KNL System Overview

System Overview

The cluster is made up of 192 nodes featuring Intel(R) Xeon Phi(TM) 7230 (code name Knights Landing or KNL) CPUs. The CPUs have 64 cores each and run at a frequency (modulo TurboBoost) of 1.30 GHz. The nodes feature 192GB DDR4 memory, and 16GB high bandwidth (so called MCDRAM) memory.  The cores are grouped into tiles, with each tile containing 2 cores and 1 MB of L2 cache. Nominally this gives each core 512KB of L2 cache each, although a single core can potentially use all the 1MB. Additionally each core has 32KB of L1 data cache, and two 512bit Vector Units which together are capable of performing 32 DP floating point instructions per cycle ( 2 VPUs x 2 FLOPS/FMA x 8 vector lanes). In single precision 64 FLOPS per cycle are possible as the vector length is increased to 16 vector lanes. Vector processors are programmed using AVX-512 instructions.The nodes are connected by Intel OmniPath Interconnect

Node MCDRAM and Cluster Configuration Modes

The high bandwidth memory can be configured in three primary modes

 Flat Mode: 
In this mode the 16GB of MCDRAM are directly accessible. The O/S implements MCDRAM as a separate NUMA domain. In this instance, memory allocated into NUMA domain 0, is the regular (slower) DDR4 memory and memory allocated in NUMA domain 1 will go to MCDRAM. There are a variety of ways to manage this memory mode (using numactl, or hbw_malloc). Cache Mode: 
In this mode the 16GB of MCDRAM are configured as a cache for the larger DDR memory space. Users do not allocate memory in MCDRAM directly. The cache is direct mapped, and several DDR pages can map to the same MCDRAM page in principle. Further, nontemporal stores which bypass the CPU L1 and L2 caches, do not bypass MCDRAM when it is being used as a cache, meaning that using MCDRAM as a cache necessarily generates read-for-write traffic. As such, the effective memory bandwidth available in cache mode is somewhat less than in flat mode. Whether this makes an impact on applications depends on the applications use of memory bandwidth
  Hybrid Mode 
In this mode part of the MCDRAM is directly accessible and part is maintained as a cache

In turn, the on-chip network connecting the cores can be configured in a variety of cluster-modes: all-to-all mode, quadrant mode, and in sub-NUMA clustering modes (SNC-2, SNC-4).
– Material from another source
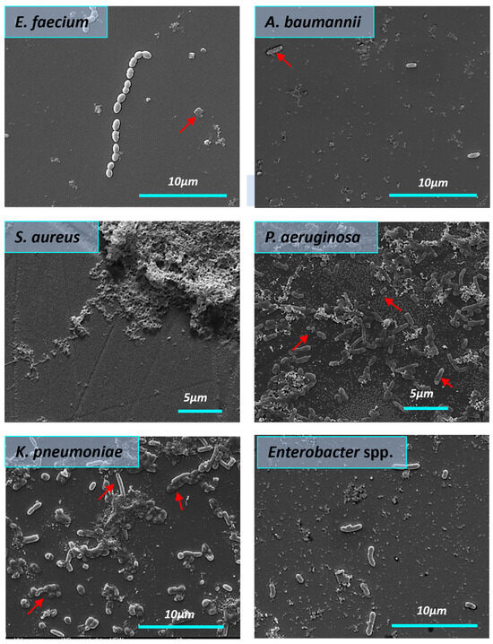 All bacteria in the control group formed the structured biofilms. S. aureus biofilms were dense and highly hydrated, with clusters of bacterial cells enclosed in a matrix composed of exopolysaccharides. In the control group (Figure 7), we observed the E. faecium biofilm biomass as a monolayer with visible 3D architecture. E. faecium biofilm was embedded into the EPS wrapping. The biofilm formed by A. baumannii in the control sample was characterized by the presence of pili or cellular filaments between bacterial cells. A similar picture was found in the case of the K. pneumoniae where biofilm was presented as cell-associated bacterial clusters. SEM micrograph of the Enterobacter spp. bacteria in the control group showed the aggregation and cohesion of the cells with visible intimate contact between bacteria and the surface. Biofilm architecture of untreated P. aeruginosa biofilm appeared as aggregated rod chains by pili.
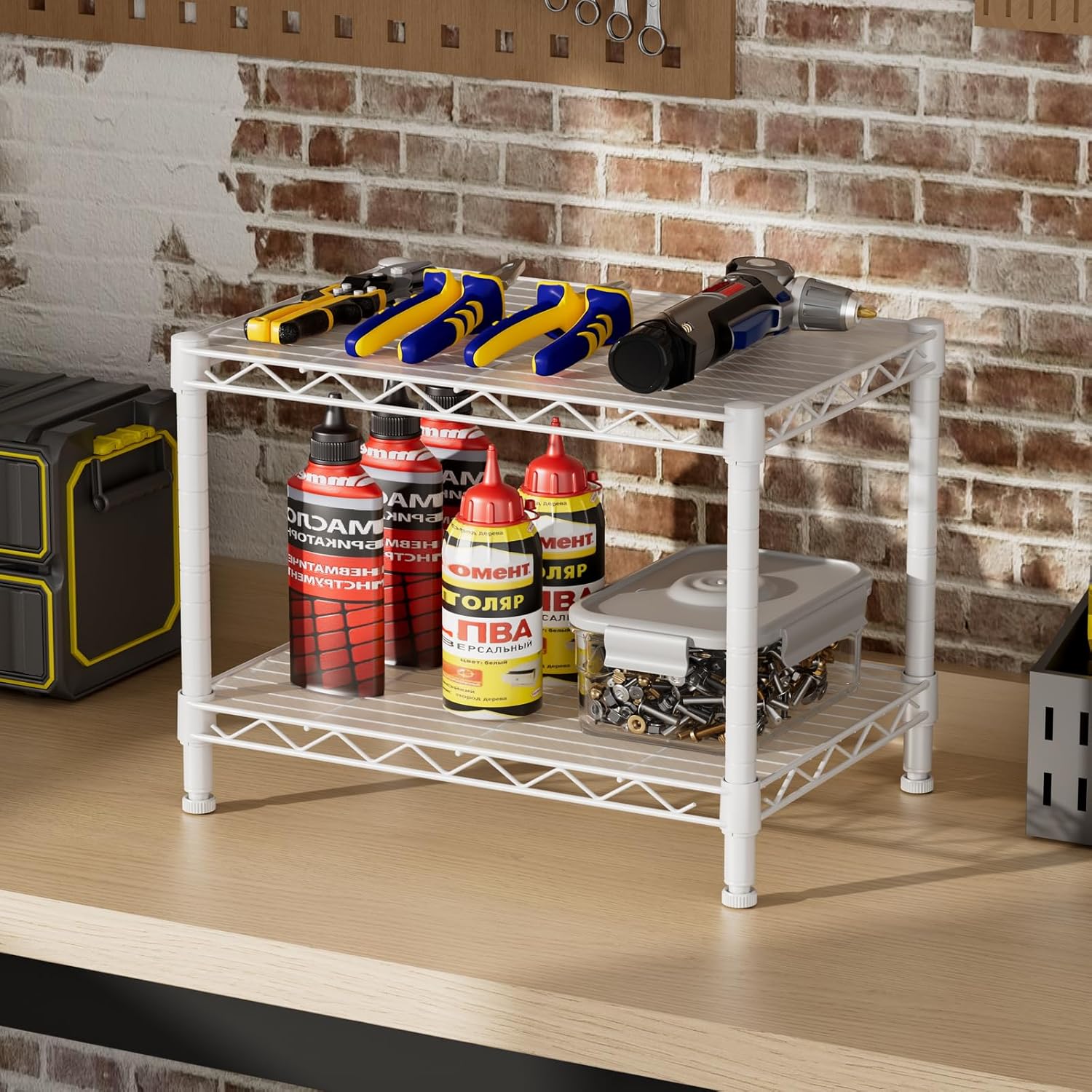 SINGAYE 2 Small Wire Shelves Garage Pantry Close Home Organizers and Storage Bathroom Shelf Laundry Room Organization Adjustable Book Metal Shelving Unit

The primary difference between all-to-all and quadrant modes is to do with how memory addresses are affinitized across the cores of the node. The recommended default mode, when all DDR DIMMs are of equal capacity is the so called Quadrant mode. In this case memory is affinitized to virtual quadrants of the chip, and memory transactions are routed within this quadrant giving a reduction in latency compared to all-to-all modes. The quadrant nature of the memory affinitization is not visible to the user, the node still looks like a single socket system. This is the default mode of operation for our cluster nodes

Sub NUMA Clustering Modes (SNC-2 and SNC-4) make the node look like a multi-socket system with either 2 or 4 sockets respectively. This mode may be beneficial, if one is considering running for-example multiple MPI tasks per node. One could be pinned to each of the 'virtual sockets'.

It should be borne in mind that memory modes and cluster modes can be mixed and matched. For example it is possible to to have Flat-SNC-4 mode, where each of the 4 virtual 'sockets' will be made up of 2 NUMA domains (8 NUMA domains in total), with each virtual socket having one NUMA domain for DDR and one for MCDRAM

The default mode for our cluster nodes is cache-quadrant (with PBS tag cache-quad)